Dáil debates

Thursday, 17 April 2008

Hospital Services

 

5:00 pm

Photo of Caoimhghín Ó CaoláinCaoimhghín Ó Caoláin (Cavan-Monaghan, Sinn Fein)

Every week since the Dáil resumed at the start of this year has brought news of more cuts in our public health services as a result of the disastrous policy of this Government and disastrous management by the Health Service Executive. These cuts have come on top of the policy of over-centralisation which attacks the services provided at local hospitals. Nowhere has this been done more ruthlessly than in counties Cavan and Monaghan where our two hospitals are now facing what consultants at Monaghan have described as "a catastrophic situation."

What is the Minister for Health and Children doing about this? She is driving it. Her priority is privatisation. Next week, on 24 April, the Minister will open a private health conference in Dublin and participants will pay more than €500 each to attend this exclusive event for private health profiteers. Meanwhile, our patients are suffering and our public hospitals are being downgraded.

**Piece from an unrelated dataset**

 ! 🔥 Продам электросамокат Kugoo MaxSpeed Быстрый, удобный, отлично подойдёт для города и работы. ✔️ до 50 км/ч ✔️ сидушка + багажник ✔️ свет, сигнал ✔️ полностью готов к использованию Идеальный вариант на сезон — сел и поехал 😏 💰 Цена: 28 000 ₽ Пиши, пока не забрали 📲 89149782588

The latest crisis for Monaghan General Hospital has been provoked by the attempt of HSE management to discontinue the ventilation facility at Monaghan General Hospital which was due to close on 7 April. The closure has not taken place because consultants at Monaghan are refusing to operate proposed new protocols for the treatment of patients requiring acute care. The consultants say that the removal of the ventilation facility will lead to the ending of all acute medical admissions in Monaghan resulting in "mortality for patients".

Correspondence from the consultants at Monaghan General Hospital to Health Service Executive management shows that the hospital is facing, in the words of the medical professionals, "a catastrophic situation". If the HSE is allowed to proceed with its plan to end all acute medical admissions at Monaghan General Hospital, then facilities will have to be found for the treatment of the 3,000 per annum acute medical admissions to Monaghan. The main burden will fall on Cavan General Hospital which already has to cater for 5,000 such admissions per annum and which currently has 160% bed occupancy. In other words, it has 60% more patients awaiting beds than there are beds available in the hospital.

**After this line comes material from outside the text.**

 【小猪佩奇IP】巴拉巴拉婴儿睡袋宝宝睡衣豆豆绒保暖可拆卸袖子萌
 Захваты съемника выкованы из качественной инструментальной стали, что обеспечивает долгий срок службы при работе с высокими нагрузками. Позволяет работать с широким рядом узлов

The consultants make clear that with only some 25 additional beds proposed for Cavan, the proposed downgrading of Monaghan is totally untenable. I commend the Monaghan consultants for refusing to agree and operate the protocols proposed by the HSE. As a result of their stand, the HSE has not been able to enforce the closure of the Monaghan ventilation facility.

An existing protocol, not previously known publicly, states that Monaghan is only allowed to have three patients on trolleys awaiting admission at any one time. If a fourth patient presents he or she must be moved to Cavan or another hospital. This has nothing to do with patient care. All it does is disguise the true need and demand for the services at Monaghan. In the first three months of 2008 some 78 patients were moved from Monaghan in this way. It is interesting to note that 18 patients left Monaghan untreated rather than go to another hospital. This protocol serves only to disguise the true need and demand for services at Monaghan General Hospital.

Just as significant as the strong protest from the consultants about the proposed ending of acute medical admissions is their assertion that since returning "on-call" in 2005, Monaghan General Hospital has functioned very well and provided a high standard of care to patients with acute medical illnesses. This reflects the positive experience of the overwhelming majority of people, this Deputy included, in the area served by the hospital.

All of this unquestionably gives the lie to the utterly false and misleading claims by HSE management and the Minister for Health and Children, Deputy Mary Harney, that the downgrading of Monaghan General Hospital is based on patient safety and achieving better standards of care. It is clearly no such thing. It is driven by cost-cutting and a ruthless centralisation agenda. The HSE is enforcing flawed strategic plans in the most high-handed manner, regardless of the impact on patient care. This correspondence exposes how bureaucrats have sought to enforce protocols for the care of patients against the wishes of the medical professionals who have to deliver that care.

The implications of the HSE plans are very serious for Cavan General Hospital. It will not be able to cater for 8,000 acute medical admissions per annum. Any notion that somehow Monaghan's loss is Cavan's gain is totally spurious. Patient care in both counties and in the north-east region will be adversely affected. For the sake of both hospitals and all who depend on them these plans must be resisted.

GPs in County Monaghan have written to Mr. Stephen Mulvaney, network manager of the HSE in the north-east region, and they state that patient care is not at the centre of HSE decision making. Those are the professional colleagues of the Minister of State, Deputy Devins.

Monaghan General Hospital is the victim of political decision-making on health care at Government level which takes no account of the reality of people's lives. I will conclude by making it abundantly clear that I will continue to challenge the Taoiseach, the Minister for Health and Children, Deputy Mary Harney, and all their Fianna Fáil and Green Party Government colleagues on this matter and I urge people throughout counties Cavan and Monaghan, irrespective of their political affiliation or none, and beyond both counties and that region, to challenge Government and Government-supporting Deputies on this disgraceful set of proposals which will be a template employed on hospital networks throughout the rest of the jurisdiction.